Pictures aside, every line of the listing should be given again exactly.

• [SUPPLIED MATERIAL]:
★ ★ ★ ★ ★ ★ ★
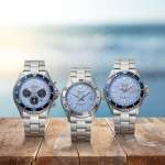 そして「オリエントマコ クロノグラフ RN-TX0210L」は光充電式ムーブメントを採用したクオーツモデル。ケース径は存在感を感じさせる42.8mmで、1/5秒単位のストップウォッチや24時間表示などアクティブなシーンで役立つ機能が満載。特にクロノグラフ機能を多用するユーザーにとっては、定期的な電池交換を必要としない実用性の高さは大きな魅力です。
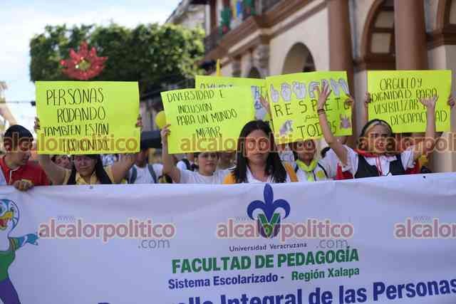 Xalapa, Ver., 2 de diciembre de 2023.- Por el Día Internacional de las Personas con discapacidad, decenas de ciudadanos marcharon en la avenida Ávila Camacho con dirección a Plaza Lerdo.
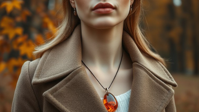 Осень возвращает любовь к натуральным материалам. Украшения с янтарём несут тепло и мягкий свет в образ. Особенно эффектно смотрятся тёплые медовые и коричневые оттенки, они словно добавляют в образ золотой листок.
★ ★ ★ ★ ★ ★ ★
• [TASK RESULT]:
 そして「オリエントマコ クロノグラフ RN-TX0210L」は光充電式ムーブメントを採用したクオーツモデル。ケース径は存在感を感じさせる42.8mmで、1/5秒単位のストップウォッチや24時間表示などアクティブなシーンで役立つ機能が満載。特にクロノグラフ機能を多用するユーザーにとっては、定期的な電池交換を必要としない実用性の高さは大きな魅力です。
 Xalapa, Ver., 2 de diciembre de 2023.- Por el Día Internacional de las Personas con discapacidad, decenas de ciudadanos marcharon en la avenida Ávila Camacho con dirección a Plaza Lerdo.
 Осень возвращает любовь к натуральным материалам. Украшения с янтарём несут тепло и мягкий свет в образ. Особенно эффектно смотрятся тёплые медовые и коричневые оттенки, они словно добавляют в образ золотой листок.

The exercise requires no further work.